Выпил и впился зубами в источающую сок пиццу.
Зунгалла последовал его примеру. После обжигающего джина пицца была необыкновенно вкусна. Ковалек смолотил свой кусок и принялся за другой. Миг — и от этого, второго, остались одни крошки.
— Люблю повеселиться, особенно пожрать, — объяснил Ковалек, наполняя бокалы уже доверху. — Давай, брат, ешь, пей, не стесняйся. Там еще полно осталось.
— Любишь пожрать, а тощий, как велосипед, — сказал Зунгалла, чувствуя, что джин потихоньку начинает действовать. — Значит, нулевой кпд. В паровозы метишь?

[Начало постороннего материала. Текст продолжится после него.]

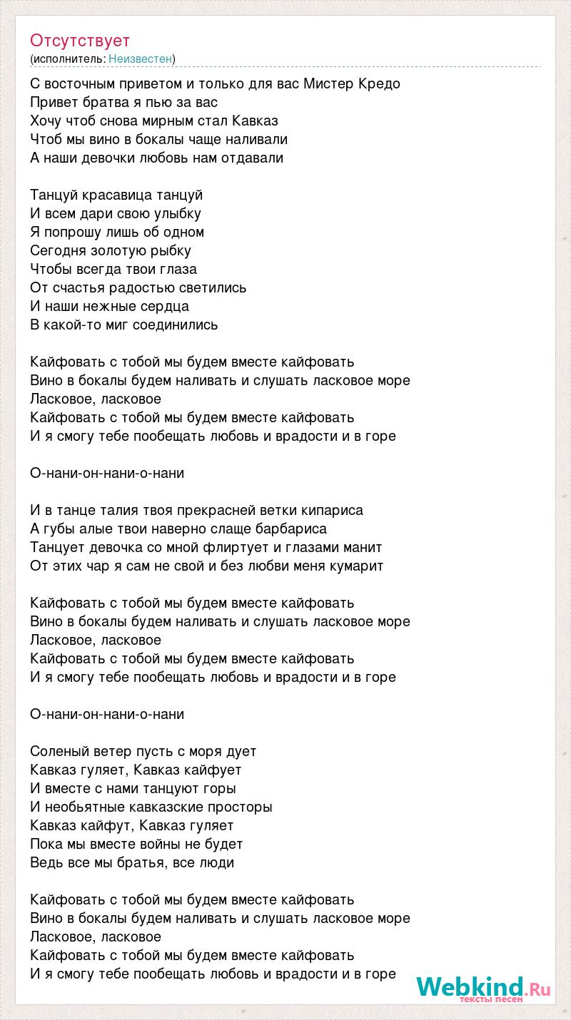 С восточным приветом и только для вас Мистер Кредо Привет братва я пью за вас Хочу чтоб снова мирным стал Кавказ Чтоб мы вино в бокалы чаще наливали А наши девочки любовь нам отдавали Танцуй красавица танцуй И всем дари свою улыбку Я попрошу лишь об одном Сегодня золотую рыбку Чтобы всегда твои глаза От счастья радостью светились И наши нежные сердца В какой-то миг соединились Кайфовать с тобой мы будем вместе кайфовать Вино в бокалы будем наливать и слушать ласковое море Ласковое, ласковое Кайфовать с тобой мы будем вместе кайфовать И я смогу тебе пообещать любовь и врадости и в горе О-нани-он-нани-о-нани И в танце талия твоя прекрасней ветки кипариса А губы алые твои наверно слаще барбариса Танцует девочка со мной флиртует и глазами манит От этих чар я сам не свой и без любви меня кумарит Кайфовать с тобой мы будем вместе кайфовать Вино в бокалы будем наливать и слушать ласковое море Ласковое, ласковое Кайфовать с тобой мы будем вместе кайфовать И я смогу тебе пообещать любовь и врадости и в горе О-нани-он-нани-о-нани Соленый ветер пусть с моря дует Кавказ гуляет, Кавказ кайфует И вместе с нами танцуют горы И необьятные кавказские просторы Кавказ кайфут, Кавказ гуляет Пока мы вместе войны не будет Ведь все мы братья, все люди Кайфовать с тобой мы будем вместе кайфовать Вино в бокалы будем наливать и слушать ласковое море Ласковое, ласковое Кайфовать с тобой мы будем вместе кайфовать И я смогу тебе пообещать любовь и врадости и в горе

— С этим беда, — согласился Ковалек. — С другой стороны, двигаться приходится много, энергию нужно восполнять.
Сказав это, он запросто хлопнул бокал, как будто это была вода.
— Силен, брат, — заметил Зунгалла и тоже хлопнул бокал.
И ничего, даже не поперхнулся. Точнее, чуть было не поперхнулся, но превозмог себя, шумно задышал носом. На глаза навернулись предательские слезы.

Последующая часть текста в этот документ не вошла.